CO2 was observed in amounts up to 7.9 % and 2.4 % AR for the low and high test concentration, respectively. Organic volatiles were detected in maximal amounts of 3.5 % AR (low concentration) and 3.7 % AR (high concentration).

Compounds (4-tert-butyl-2,5-dimethylphenyl) sulfonic acid (M1), 5-tert-butyl-2-hydroxy-4-methylbenzoic acid (M4), 4-tert-butyl-5-(hydroxymethyl)-2-methylphenyl hydrogen sulfate (M4), 4-tert-butyl-2-formyl-5-methylphenyl hydrogen sulfate (M6) and M2 were identified as major metabolites of the test item. M1 reached maximum values of 36.1 % AR (45 days after treatment, DAT) and 16.6 % AR (59 DAT) for the low and high test concentration, respectively. M4 was observed in amounts up to 19.6% AR (low concentration) and 1.7% AR (high concentration) at 59 and 21 DAT, respectively.

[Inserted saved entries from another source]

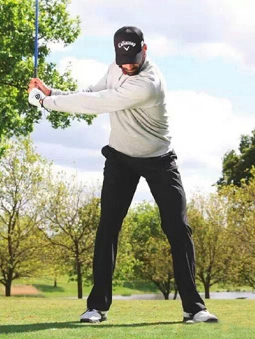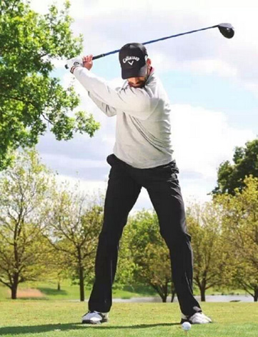 当奎罗斯上杆到顶点的时候,会发现他的杆身并没有到达与地面平行的程度,但这并不会影响他的挥杆速度,因为他的肩膀已经完全转过来,并且背部指向目标方向。
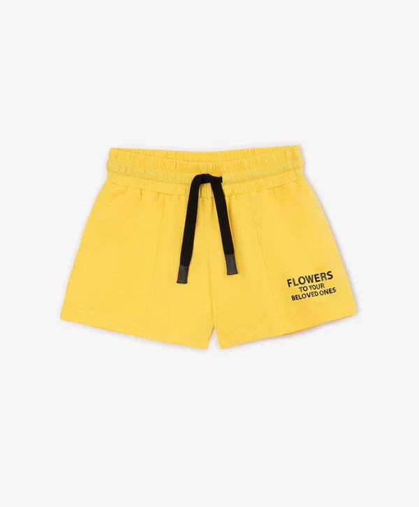 These yellow knit shorts for girls are the perfect choice for hot weather. Made from soft interlock fabric, they feature a comfortable elastic waistband and a unique design with vertical seams on the front. The vibrant colour, complemented by contrasting text graphics, cords with plastic tips, and a woven jacquard label, makes these shorts both stylish and functional. With side pockets for added convenience, they offer comfort and a sporty look for your little one.
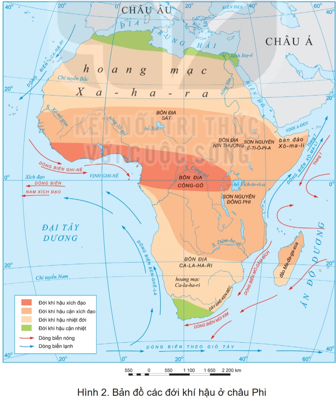 Dựa vào thông tin trong mục b và hình 2, hãy cho biết các đặc điểm nổi bật của khí hậu châu Phi.
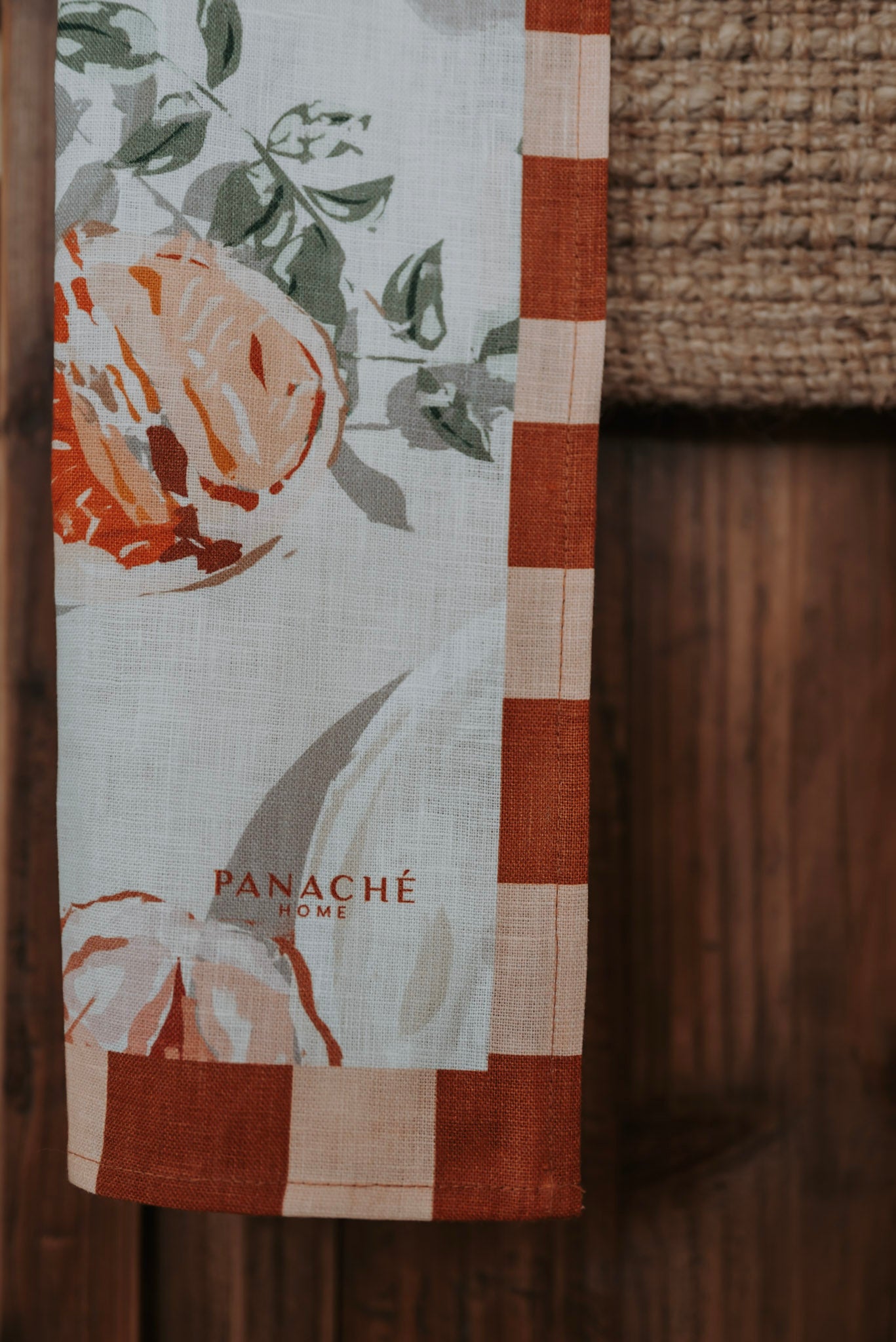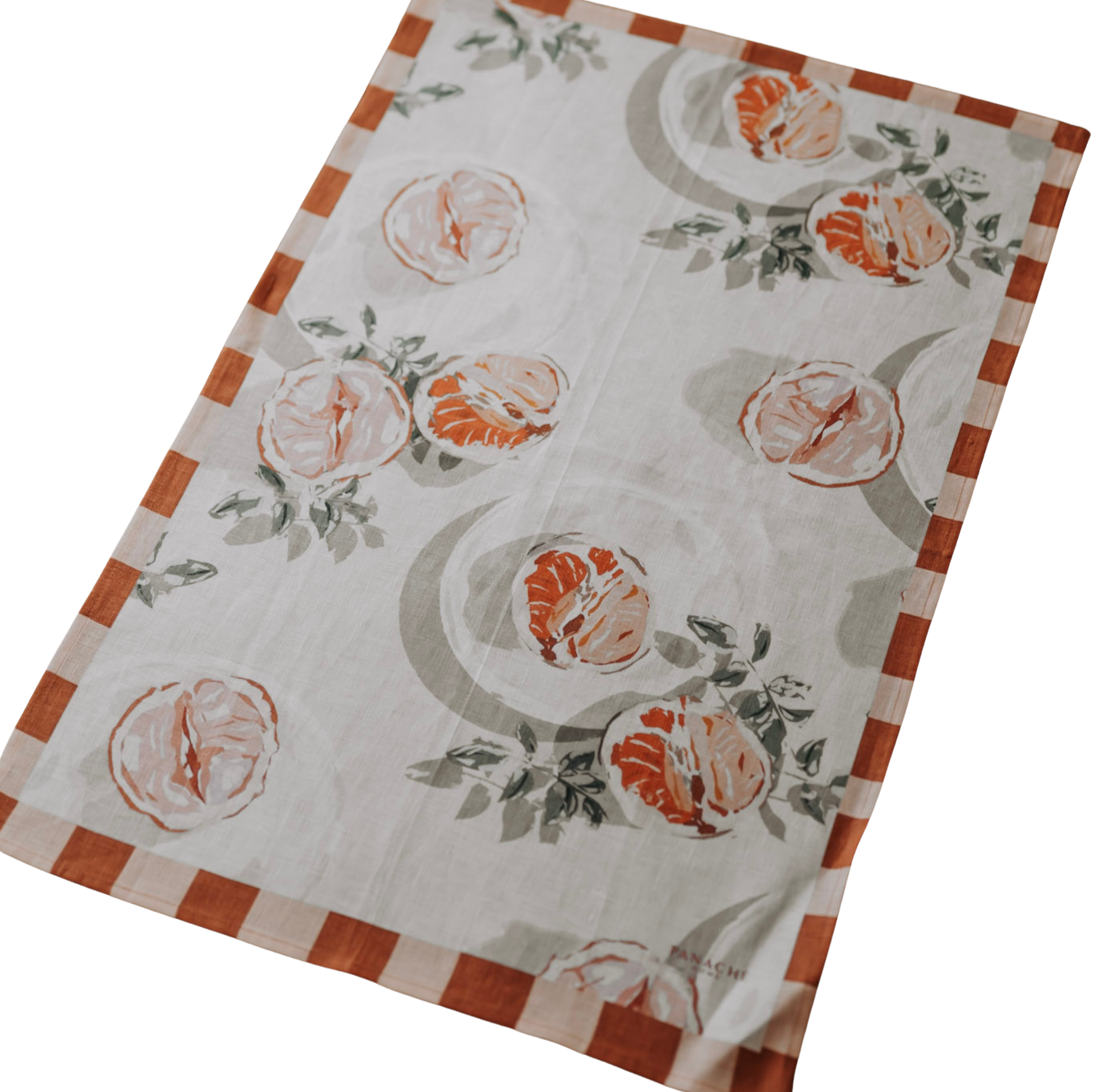 The No.3 Orange Blossoms tea towel is crafted from 100% linen, measuring 70 cm x 45 cm. Its hand-painted summer orange blossom design, combined with a peach and rust border, enhances both functionality and aesthetic appeal, making it an ideal choice for summer picnics or as a thoughtful hostess gift.

M6 was only detected in the samples of the low concentration in maximum amounts of 7.0 % AR after 59 DAT. M2 was only observed in the high concentrated samples in a maximum value of 9.6 % AR after 59 DAT. This metabolite could not be identified by LC-MS.

Six unknown peaks (M2, M3, M7, M8, M9 and M14) in amounts <5 % AR were observed in the test vessels with the low test concentration. For the high test concentrations five unknown peaks (M5, M10, M11, M12 and M13) were detected in amounts <5 % AR.

The test system was validated with the reference substance sodium benzoate. After 10 days 82.5 % AR of the reference item was mineralized. Thus, the system was biologically active.

The DT50 values for the test item were 24.6 days (9.7μg/L) and 117 days (91.3μg/L).